Brain Gains (Rapid Recall, Jivin' Generation)
With appropriate assumptions place on the corresponding vector fields and objects involved, here are the three big theorems we've seen.
- Green's Theorem: $\ds \iint_R N_x-M_y dA = \oint_{\partial R} M dx+Ndy $
- Stokes' Theorem: $\ds \iint_S \vec \nabla \times \vec F \cdot \hat n dS = \int_{\partial S} Mdx+Ndy+Pdz$.
- Divergence Theorem: $\ds \iiint_D \vec \nabla \cdot \vec F dV = \iint_{\partial D}\vec F\cdot\hat n dS$.
One (of many) use of each theorem is that sometimes one side of the equality is extremely simple to compute. Let's see this in a few settings.
- Let $\vec F = (2x-y^2z, 3y-4x^3, e^{x^2y}+z)$. Compute the outward flux of $\vec F$ across the surface $S$ of the cube $-1\leq x\leq 1$, $-1\leq y\leq 1$, $-1\leq z\leq 1$, so compute $\iint_{S}\vec F\cdot\hat n dS$.
- For the vector field $\vec F = (x^2+4z, 3y, -4x)$, compute $\int_C M dx+Ndy+Pdz$ along the curve $C$ parametrized by $\vec r(t) = (2+3\cos t, 5, 7+3\sin t)$ for $0\leq t\leq 2\pi$.
- Compute the counterclockwise circulation $\oint_C -\frac{y}{2}dx+\frac{x}{2}dy$ for the curve $C$ defined by $(x-3)^2 + (y+7)^2=4$.
Solutions
With each questions above, the key is to first identify the right theorem.
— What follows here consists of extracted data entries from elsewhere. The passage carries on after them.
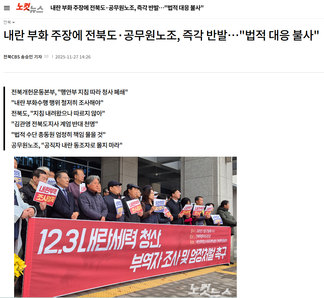 [노컷뉴스] 내란 부화 주장에 전북도·공무원노조, 즉각 반발…"법적 대응 불사"(11/27, 송승민)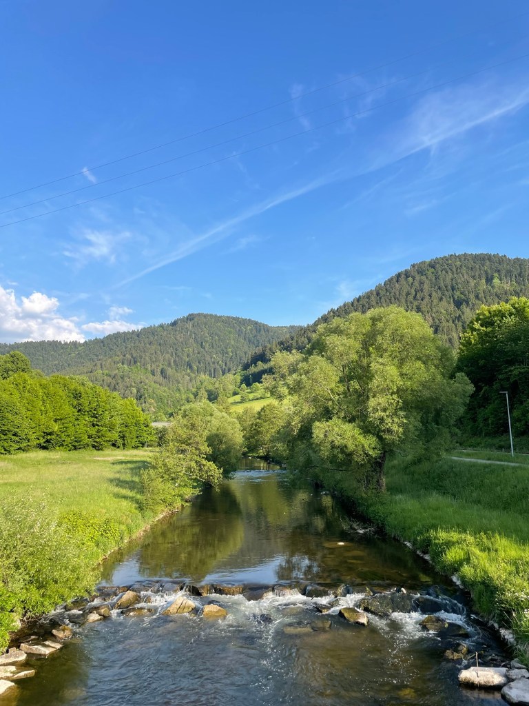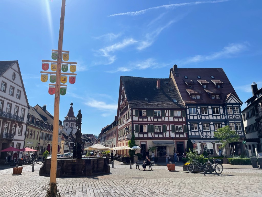 Als kind stelde ik mij bij het Zwarte Woud altijd iets donkers en sprookjesachtigs voor maar op deze zonnige dag blijkt daarvan weinig te kloppen. Ik kom door het kleurrijke Gengenbach en bevind mij vooralsnog niet tussen de donkere dennenbomen waarnaar dit woud genoemd zou zijn. Aan weerszijden van het fietspad glimmen groene dennenbossen op de heuvels, maar mijn eigen route blijft vlak lopen.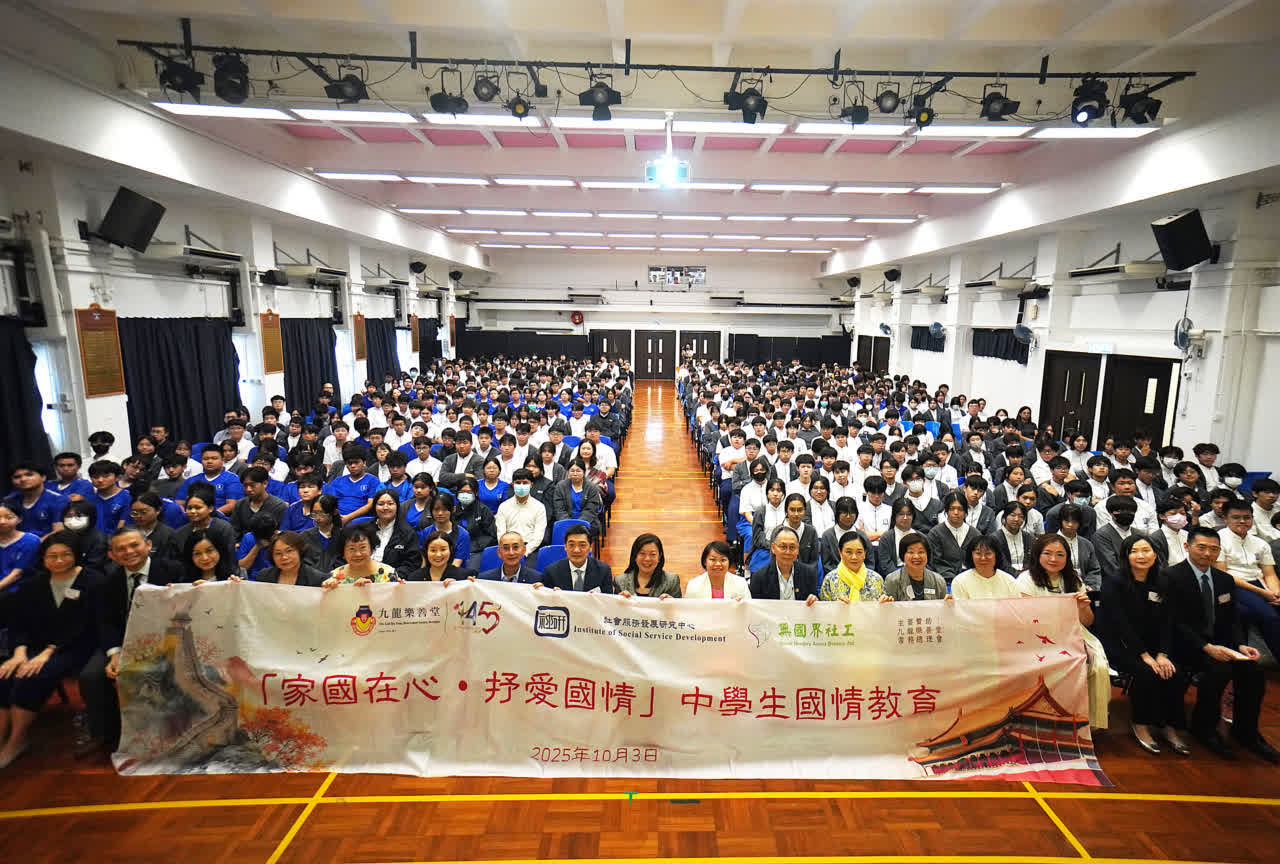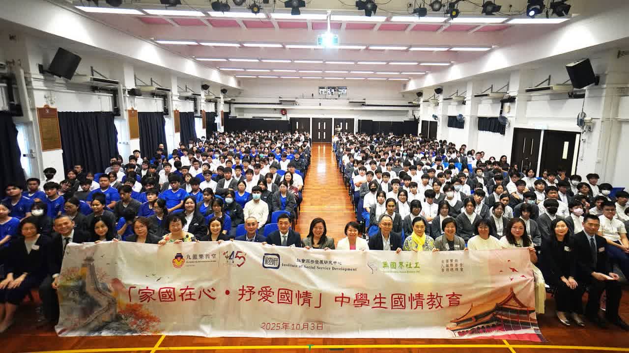 由社會服務發展研究中心、九龍樂善堂及無國界社工聯合主辦的「家國在心•抒愛國情」中學生國情教育活動,10月3日(星期五)下午在樂善堂王仲銘中學禮堂圓滿舉行。活動吸引逾600名中四學生及教師參與,現場氣氛熱烈,反應積極。

- Use the divergence theorem. Note that the divergence is $\vec\nabla \cdot \vec F = 2+3+1=6$. As such, the outward flux is $\iiint_D 6 dV = 6V = 6(2)(2)(2) = 48$.
- Use Stokes' Theorem. The curl is $\vec\nabla \times \vec F = (0,8,0)$. Because the curve is a circle, let's use the flat planar surface $S$ inside this circle. The only thing left is to figure out which orientation to use for the surface. The curve is a circle centered at $(2,5,7)$ of radius 3, in a plane parallel to the $xz$-plane, which means a unit normal vector can be chosen as $(0,1,0)$ or $(0,-1,0)$. The orientation of the curve is compatible with $(0,-1,0)$, which we can use in Stokes's theorem. We obtain $$\ds \iint_S \vec \nabla \times \vec F \cdot \hat n dS = \ds \iint_S (0,8,0) \cdot (0,-1,0) dS = \ds \iint_S -8 dS = -8\pi(3)^2 = -72\pi.$$ We reduced the problem to a surface area question.
- Using Green's theorem, we have $$\ds \iint_R N_x-M_y dA = \iint_R \frac{1}{2}-(-\frac{1}{2}) dA = A = \pi (2)^2 = 4\pi.$$ This particular integral is often used by a planimeter to compute the area inside odd shape regions.